Work to be completed: Each line of the data below from the one holding "2、バックにパッチポケット x 2。" to the one holding "The saree is", inclusive, is to be reproduced exactly; no other line belongs in the answer.

[Recorded data]
# # # #

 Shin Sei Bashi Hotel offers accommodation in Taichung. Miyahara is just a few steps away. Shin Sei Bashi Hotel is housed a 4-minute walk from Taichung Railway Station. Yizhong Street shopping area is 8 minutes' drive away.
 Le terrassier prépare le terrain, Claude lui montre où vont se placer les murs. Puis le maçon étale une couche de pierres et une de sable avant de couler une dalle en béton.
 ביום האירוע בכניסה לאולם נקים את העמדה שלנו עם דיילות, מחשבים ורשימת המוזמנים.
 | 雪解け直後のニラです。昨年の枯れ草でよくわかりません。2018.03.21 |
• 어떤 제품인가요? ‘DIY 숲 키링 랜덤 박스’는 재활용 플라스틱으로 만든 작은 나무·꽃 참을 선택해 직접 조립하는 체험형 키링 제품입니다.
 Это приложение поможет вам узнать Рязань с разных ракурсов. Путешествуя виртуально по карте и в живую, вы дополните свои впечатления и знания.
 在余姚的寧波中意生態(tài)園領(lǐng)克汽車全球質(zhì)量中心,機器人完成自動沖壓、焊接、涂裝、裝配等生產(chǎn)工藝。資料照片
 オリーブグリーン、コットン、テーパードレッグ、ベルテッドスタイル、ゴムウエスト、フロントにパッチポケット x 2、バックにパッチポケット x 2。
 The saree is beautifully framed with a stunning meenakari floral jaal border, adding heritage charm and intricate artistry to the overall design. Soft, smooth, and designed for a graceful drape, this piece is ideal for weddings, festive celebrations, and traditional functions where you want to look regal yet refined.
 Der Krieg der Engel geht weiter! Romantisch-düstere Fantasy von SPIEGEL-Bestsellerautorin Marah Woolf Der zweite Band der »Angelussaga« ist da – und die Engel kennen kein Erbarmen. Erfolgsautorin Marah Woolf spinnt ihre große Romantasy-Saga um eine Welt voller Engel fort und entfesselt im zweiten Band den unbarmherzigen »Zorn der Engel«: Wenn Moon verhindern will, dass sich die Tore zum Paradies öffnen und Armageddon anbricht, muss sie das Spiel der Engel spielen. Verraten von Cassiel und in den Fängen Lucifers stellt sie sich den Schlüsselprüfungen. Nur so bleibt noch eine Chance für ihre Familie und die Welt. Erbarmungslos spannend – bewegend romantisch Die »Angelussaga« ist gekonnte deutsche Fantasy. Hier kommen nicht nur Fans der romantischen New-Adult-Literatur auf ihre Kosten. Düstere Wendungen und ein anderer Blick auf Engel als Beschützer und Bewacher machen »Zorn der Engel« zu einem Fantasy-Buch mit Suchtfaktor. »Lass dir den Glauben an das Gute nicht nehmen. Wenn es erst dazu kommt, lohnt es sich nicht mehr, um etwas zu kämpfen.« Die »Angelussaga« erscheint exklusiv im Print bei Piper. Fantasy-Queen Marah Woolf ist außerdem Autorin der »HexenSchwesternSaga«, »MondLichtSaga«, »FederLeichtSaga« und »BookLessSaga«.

# # # #

Solution for this exercise:
 オリーブグリーン、コットン、テーパードレッグ、ベルテッドスタイル、ゴムウエスト、フロントにパッチポケット x 2、バックにパッチポケット x 2。
 The saree is beautifully framed with a stunning meenakari floral jaal border, adding heritage charm and intricate artistry to the overall design. Soft, smooth, and designed for a graceful drape, this piece is ideal for weddings, festive celebrations, and traditional functions where you want to look regal yet refined.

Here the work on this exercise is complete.